Considering the relative physical positions of the accused and the victim in crimes of rape, the usual location of the external
bodily injuries of the victim is on the face, 67 neck, 68 and anterior portion 69 of her body. Although it is not unnatural to
find contusions on the posterior side, these are usually caused by the downward pressure on the victims body during the
sexual assault. 70 It is unquestionably different when, as in this case, all the stab wounds (except for a minor cut in the
lower left leg) had their entry points at the back running from the upper left shoulder to the lower right buttocks.
It is noteworthy that the deceased was fully clothed in blue shorts and white shirt when her body was brought to her parents
house immediately after it was found. 71 Furthermore, there is a huge bloodstain in the back portion of her shorts. 72 This
must be because she was wearing this piece of clothing when the stab wounds were inflicted or immediately thereafter, thus
allowing the blood to seep into her shorts to such an extent. As accused-appellant would naturally have to pull down the girls
lower garments in order to consummate the rape, then, he must have, regardless of when the stab wounds were inflicted,
pulled up the victims shorts and undergarments after the alleged rape, otherwise, the victims shorts would not have been
stained so extensively. Again, this is contrary to ordinary human experience.
Even assuming that Jennifer had been raped, there is no sufficient proof that it was accused-appellant who had raped her. He
did not confess to having raped the victim.
From the foregoing, we cannot find that accused-appellant also committed rape. In the special complex crime of rape with
homicide, both the rape and the homicide must be established beyond reasonable doubt. 73
Third. The trial court ordered accused-appellant to pay the heirs of Jennifer Domantay the amount of P30,000.00 as actual
damages.
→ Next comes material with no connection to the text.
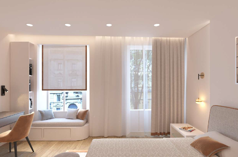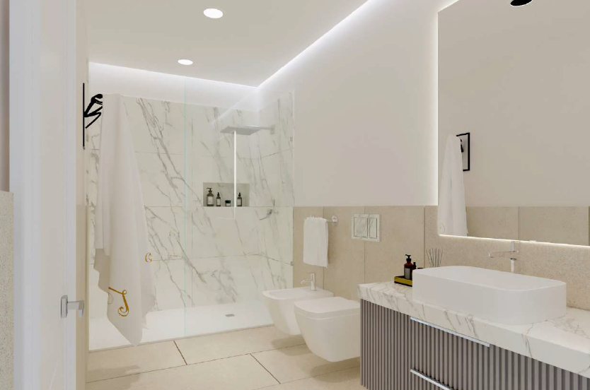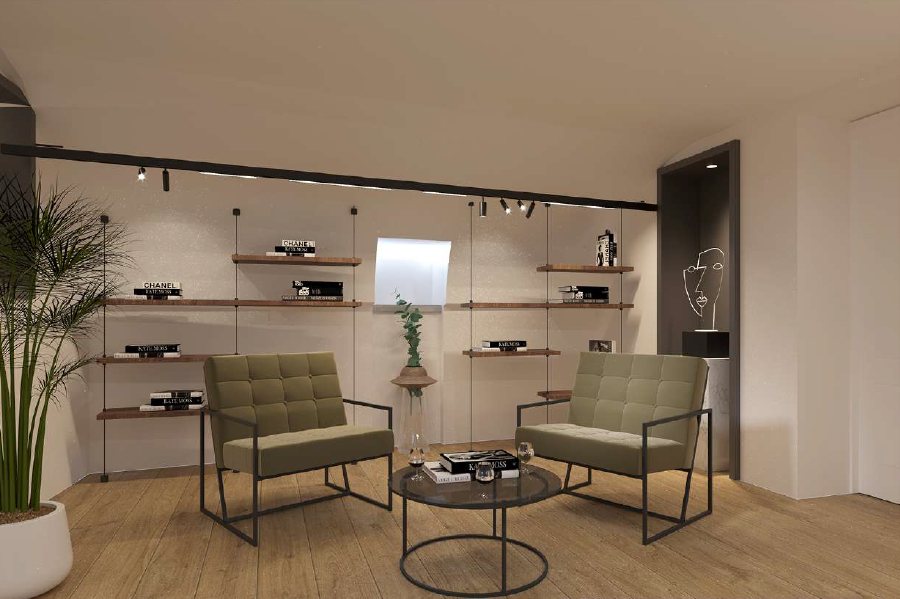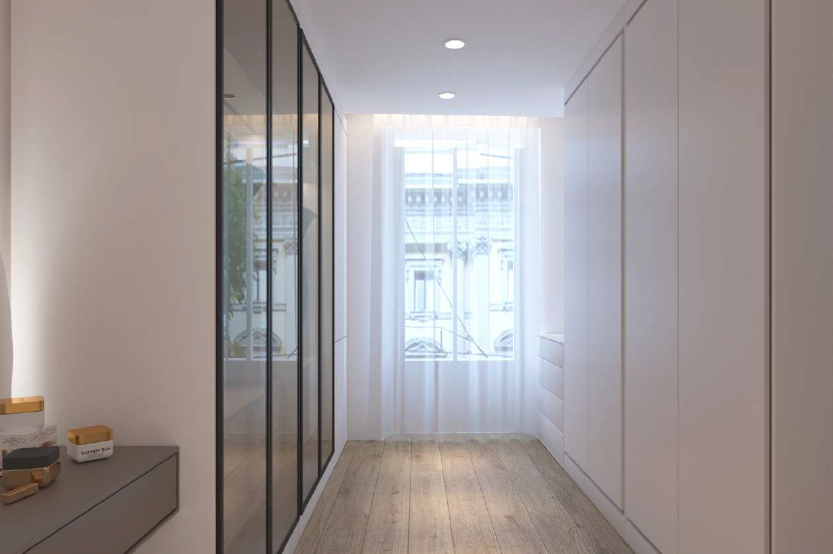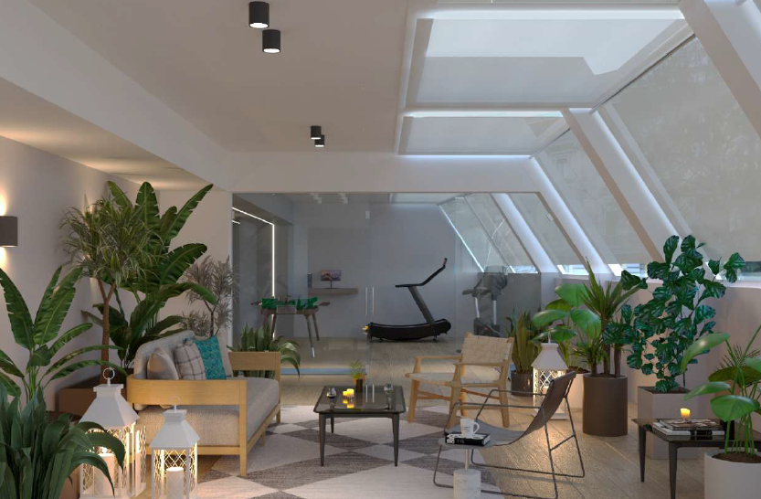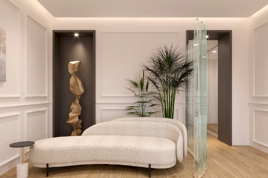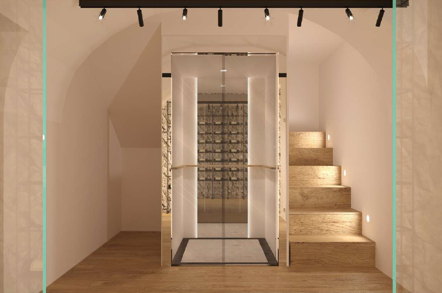 We can consider it almost a townhouse, as it has its own entrance, reception area, and a dedicated lift connecting all levels. In the basement, as shown in the renderings, there is a wine cellar, which could also be converted into a home theatre or a cosy spa area.

However, the list of expenses produced by the victims father, Jaime Domantay, only totaled P28,430.00. Of this
amount, only P12,000.00 was supported by a receipt. Art. 2199 of the Civil Code provides that a party may recover actual or
compensatory damages only for such loss as he has duly proved. Therefore, the award of actual damages should be reduced
to P12,000.00.
In addition, the heirs of Jennifer Domantay are entitled to recover exemplary damages in view of the presence of the
aggravating circumstance of abuse of superior strength. Art. 2230 of the Civil Code provides for the payment of exemplary
damages when the crime is committed with one or more aggravating circumstance. An amount of P25,000.00 is deemed
appropriate. 74
In accordance with our rulings in People v. Robles 75 and People v. Mengote, 76 the indemnity should be fixed at P50,000.00
and the moral damages at P50,000.00. 77
WHEREFORE, the judgment of the trial court is SET ASIDE and another one is rendered FINDING accused-appellant guilty of
homicide with the aggravating circumstance of abuse of superior strength and sentencing him to a prison term of 12 years of
prision mayor, as minimum, to 20 years of reclusion temporal, as maximum, and ORDERING him to pay the heirs of Jennifer
Domantay the amounts of P50,000.00, as indemnity, P50,000.00, as moral damages, P25,000.00, as exemplary damages,
and P12,000.00, as actual damages, and the costs.
chanroble s.com.ph : virtual law library

SO ORDERED.
Davide, Jr., C.J., Romero, Bellosillo, Melo, Puno, Vitug, Kapunan, Panganiban, Quisumbing, Pardo, Gonzaga-Reyes and
Ynares-Santiago, JJ., concur.
Purisima and Buena, JJ., took no part in the deliberations.